Andy Dixon

Personal information
- Full name: Andrew Dixon
- Date of birth: 19 April 1968 (age 57)
- Place of birth: Louth, England
- Height: 6 ft 1 in (1.85 m)
- Position: Right-back

Youth career
- Grimsby Town

Senior career*
- Years: Team / Apps / (Gls)
- 1986–1989: Grimsby Town / 38 / (0)
- 1989–1990: Southend United / 24 / (0)
- Lincoln City
- Gateshead
- Southend Manor
- 1992–1993: Chelmsford City / 12 / (0)
- Wealdstone
- 2003–200?: Basildon United

= Andy Dixon (footballer) =

English footballer

Andrew Dixon (born 19 April 1968) is an English former footballer who made 62 appearances in the Football League playing as a right-back for Grimsby Town and Southend United.

==Career==
Dixon began his career at Grimsby Town, initially played for the club as a youth before stepping up to the first team. Dixon made 38 Football League appearances during his time at the club, signing for Southend United in 1989. Dixon stayed at Southend for one season, making 24 league appearances, before leaving the club.
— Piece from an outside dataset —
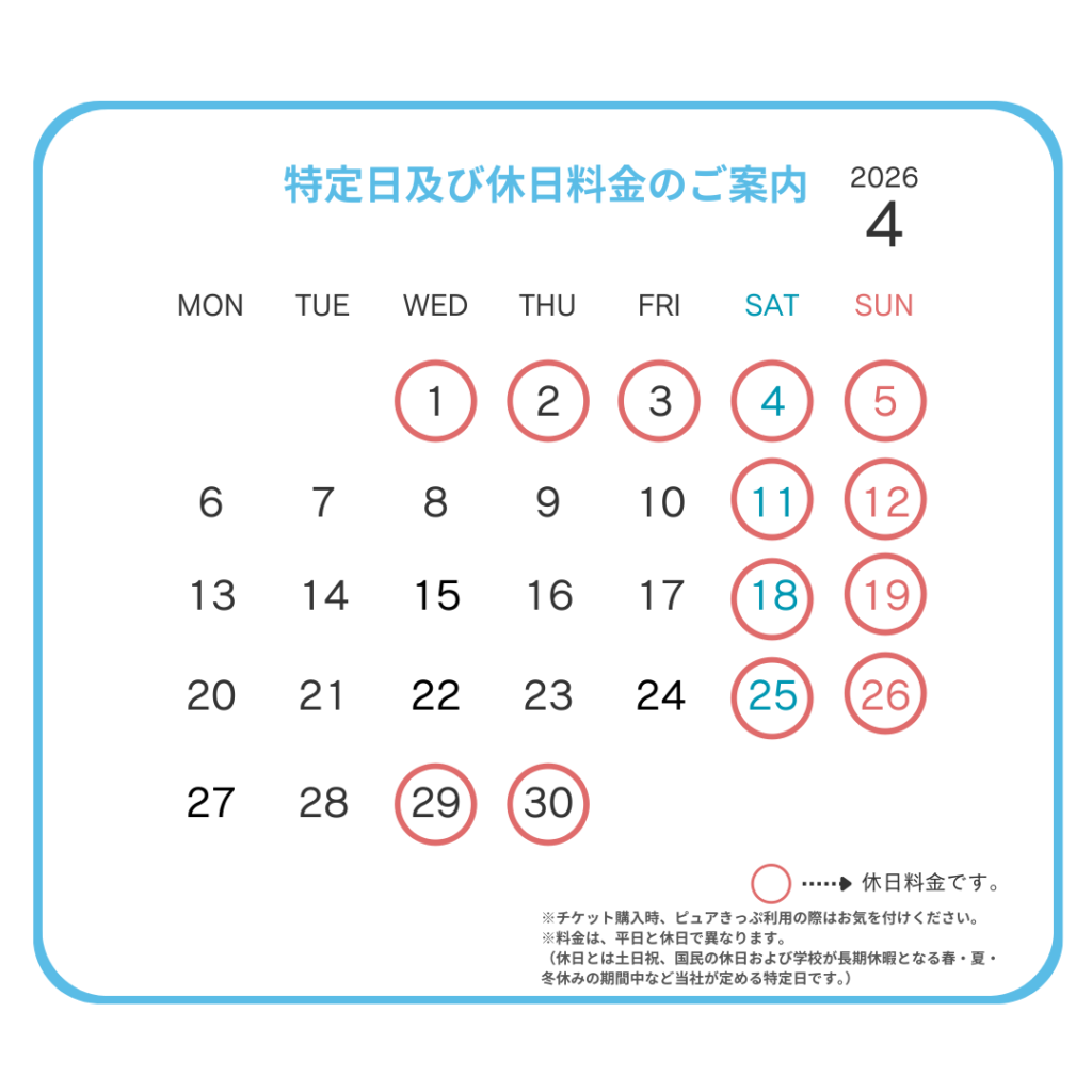 ピュアキッズより休日料金の日程のお知らせです。

He joined Lincoln City at the start of their pre-season preparations on an initial month-by-month basis. Dixon debuted for club when appearing as a 70th minute substitute for Steve Stoutt in the 2-0 First Round First Leg Rumbelows Cup defeat at Halifax Town on 28 August. This would be his only senior appearance for the Imps and he departed Sincil Bank on 14 September following the completion of his month-by-month contract with manager Allan Clarke judging that, at that point in time, Paul Casey was a better player in his position.

Dixon later played for Gateshead, Southend Manor, Chelmsford City, Wealdstone and Basildon United.